▸ About this exercise
Return the listing exactly, please; no pictures.

##### Data below #####

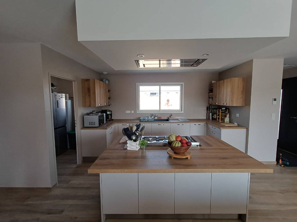 Nous avons orienté la conception vers un îlot central intégrant un piano de cuisson. Cette implantation permet de placer la zone de cuisson au cœur de l’espace, facilitant l’accès aux plans de travail, aux rangements et aux autres zones techniques.
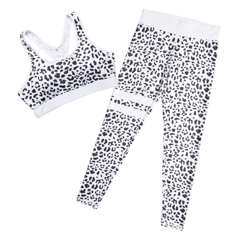 白を基調としたヒョウ柄のクールなジム/フィットネス/ヨガウェアのセットアップ(パット付、取外し可)です☆
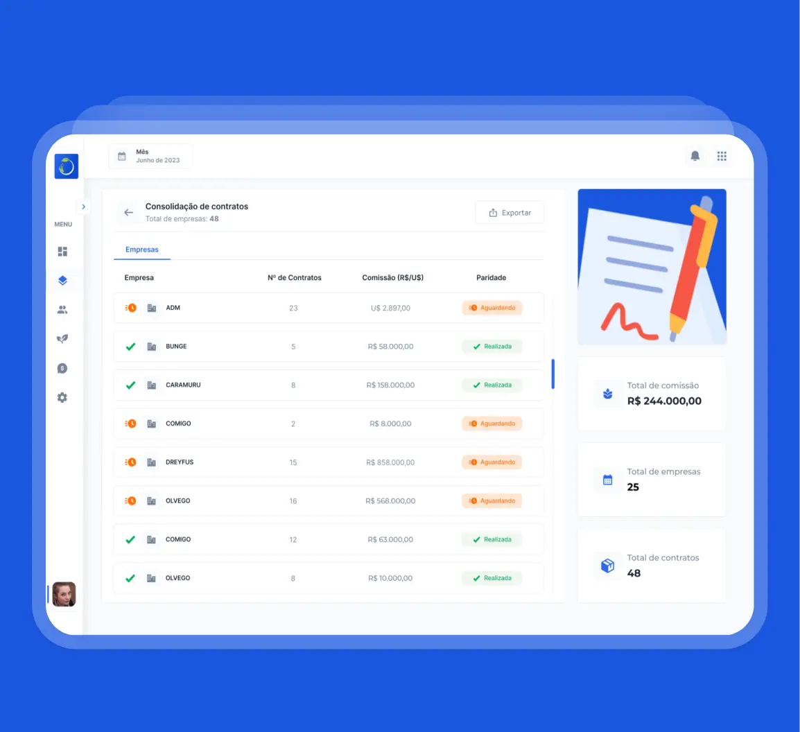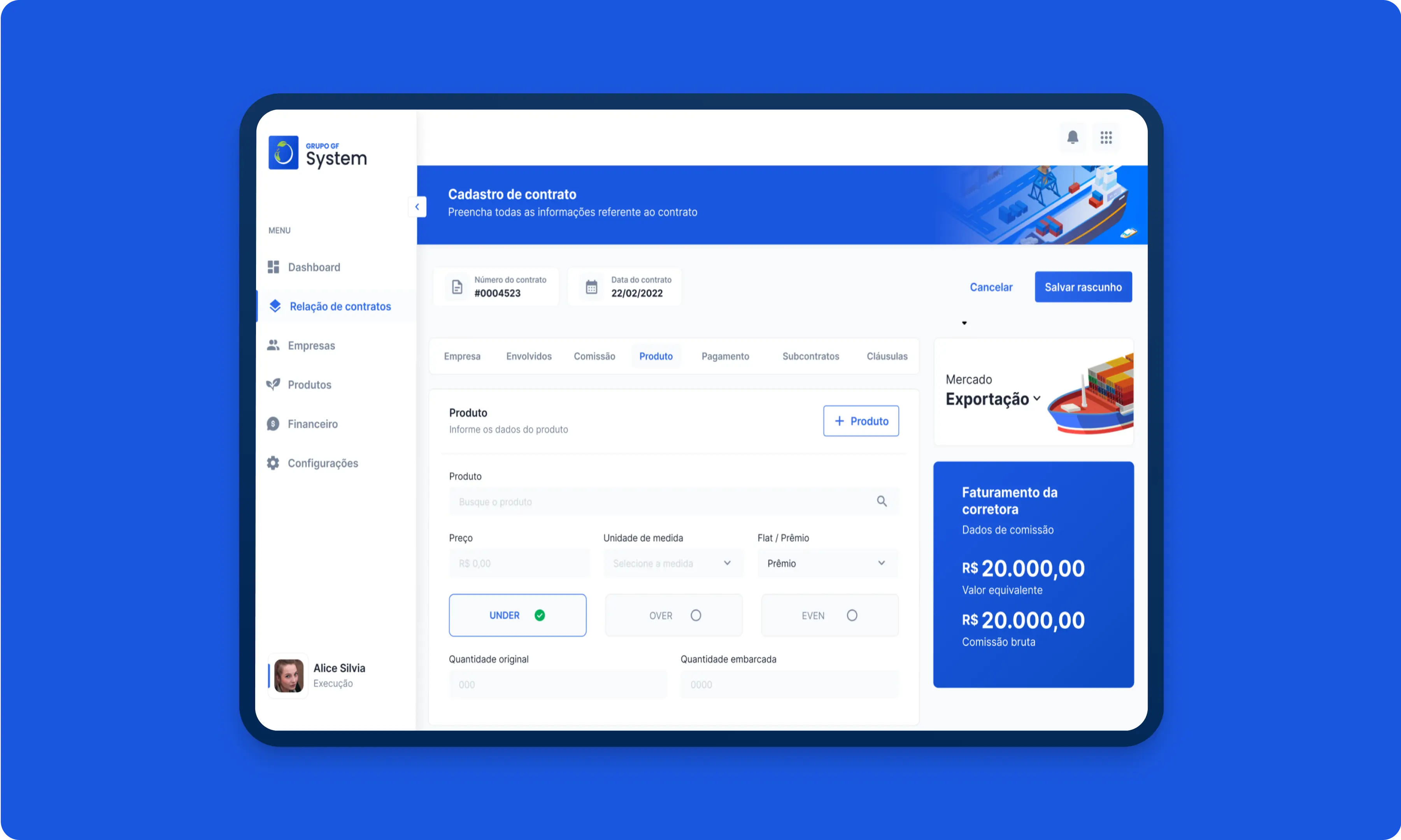 Meu desafio era construir o módulo financeiro da plataforma, uma área vital para a gestão eficiente de contratos, despesas, faturamento, comissionamento, fluxo de caixa e relatórios estratégicos.

#####

▸ Response
 Nous avons orienté la conception vers un îlot central intégrant un piano de cuisson. Cette implantation permet de placer la zone de cuisson au cœur de l’espace, facilitant l’accès aux plans de travail, aux rangements et aux autres zones techniques.
 白を基調としたヒョウ柄のクールなジム/フィットネス/ヨガウェアのセットアップ(パット付、取外し可)です☆
 Meu desafio era construir o módulo financeiro da plataforma, uma área vital para a gestão eficiente de contratos, despesas, faturamento, comissionamento, fluxo de caixa e relatórios estratégicos.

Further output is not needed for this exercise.